Andy Li Yin Jie is a man of few words, so when we notified the 34-year-old risk manager that he’s an official member of our Sundown Marathon hall of fame, he took it in his stride. As one of 9 Singaporean runners who hasn’t missed a Sundown Marathon since its inception, he’s a modest, outgoing guy who’s comfortable in his own skin.
When it comes to exercise, it’s hard to name an athletic pursuit he doesn’t enjoy, which is why table tennis, basketball, hiking and cycling are on his favourites list. In fact, anything that gets him outdoors to enjoy the bounty of nature makes him happy.
Did we mention that his passion for running tops his list?
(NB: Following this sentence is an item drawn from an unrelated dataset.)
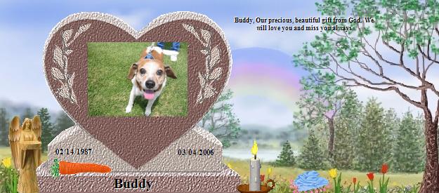 i'm so very, sorry for your loss, for your grief. the pain is horrible. but your love for Buddy is so awesome and so evident. i know that he has joy knowing you still remember him so. and i'm sure he's so proud to have been remembered so wonderfully as you have shown here! i'm glad Buddy's brother is there with you. maybe he can bring a new joy to you that you wouldn't have known if you hadn't braved to let him in your lives. may God Bless you Richly!
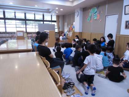 今日,図書館ボランティアのぽぽんたさんが読み聞かせに来てくださり,防災関連の紙芝居を読んでくださいました。たくさんの子どもたちが,真剣にきいていました。図書館の掲示物も秋にかわり,図書館に秋がきました。

As number eight on our Sundown Marathon list, we welcome Andy to this elite group.
RS: How long have you been running and taking part in running events?
Andy: I’ve been running for the past 15 years and it’s been an awesome journey, especially running in all of the previous Sundown Marathons!
RS: Why do you like to run?
Andy: Because it helps me to de-stress, maintain a positive outlook on life, instils discipline, and most importantly, running keeps me fit.
RS: With whom do you usually run Sundown Marathon?
Andy: I usually ask my running friends to accompany me, but because so many of them have work and family commitments, my recruitment efforts don’t always pay off, so I don’t have any fixed Sundown running buddies.
RS: Which category do you usually join when registering for the Sundown Marathon and why?
Andy: When I first started running, 10km races were my preferred distance, including my first Sundown Marathon. I slowly progressed to the full 42km and haven’t looked back since. You might say that I became hooked on endurance races once I grew confident that I could complete that distance.
RS: As a Sundown Marathon veteran, what does this event mean to you?
Andy: Ever since my first, Sundown Marathon has been part of my annual activity calendar. This marathon continues to challenge, motivate and encourage me to stay competitive. It’s become a yearly running affair for me—a tradition.
RS: How do you think this iconic marathon has evolved over the years?
Andy: In my opinion, what’s changed most are the running routes. From the first Sundown Marathon held at Changi Beach to the current location at Singapore Flyer, organisers have made sure that running routes to water points are always carefully planned to give runners a better experience, year after year.
RS: What inspires you to join Sundown Marathon every year?
Andy: It’s the opportunity to challenge myself annually — to remind myself that I can complete a full marathon. I believe also that running a marathon is like a journey; it’s not really not about how you start the race, but how you finish it. Because I have this outlook, I’ve developed and maintained a resilient outlook on life in general.
RS: What gear is included on your “must have” list when you run?
Andy: Music! I must have my running earphones. You might say that they keep me company during my runs.
RS: What are some of your running achievements/proudest moments?
Andy: I would have to start with the first time I ever competed in a marathon because one’s first event is always memorable. Next, I’m proud to continually complete in 42km runs. Each is a running milestone for me. If asked to pick the single proudest moment, I would have to say that every time I cross a finish line I’m proud of myself!
RS: After you finish each Sundown Marathon, what do you do with your medals, bibs and tees?
Andy: I keep all of my running bibs in a nice plastic folder and my finisher medals are neatly arranged around a glass bottle so they’re always on display.
RS: If you were appointed Sundown Marathon race director, what changes would you make for upcoming editions?
Andy: I would alter the route between Tanjong Rhu and the indoor stadium to get rid of the bottlenecks along this part of the route; all of them due to too narrow paths. This causes things to slow down as crowds of runners try to get through this “funnel.” Unfortunately, many runners can lose their momentum as a result.
RS: If a new Sundown Marathon runner asked you for advice, what would you tell him or her?
Andy: It’s really important to pace yourself and never give up. A huge part of competitive running is one’s mental attitude. I would tell a new runner, “if you believe you can do it, you can — so don’t give up.”
RS: What or who inspires you the most in your life?
Andy: My dad. He is a constant source of inspiration because he’s so encouraging. He likes to remind me that the secret to moving forward is to understand that even if I take a step backward, I’ll soon take two steps forward.
RS: What do you want to achieve in the next year?
Andy: I want to complete the Sundown Marathon with a better finish time than I did the year before!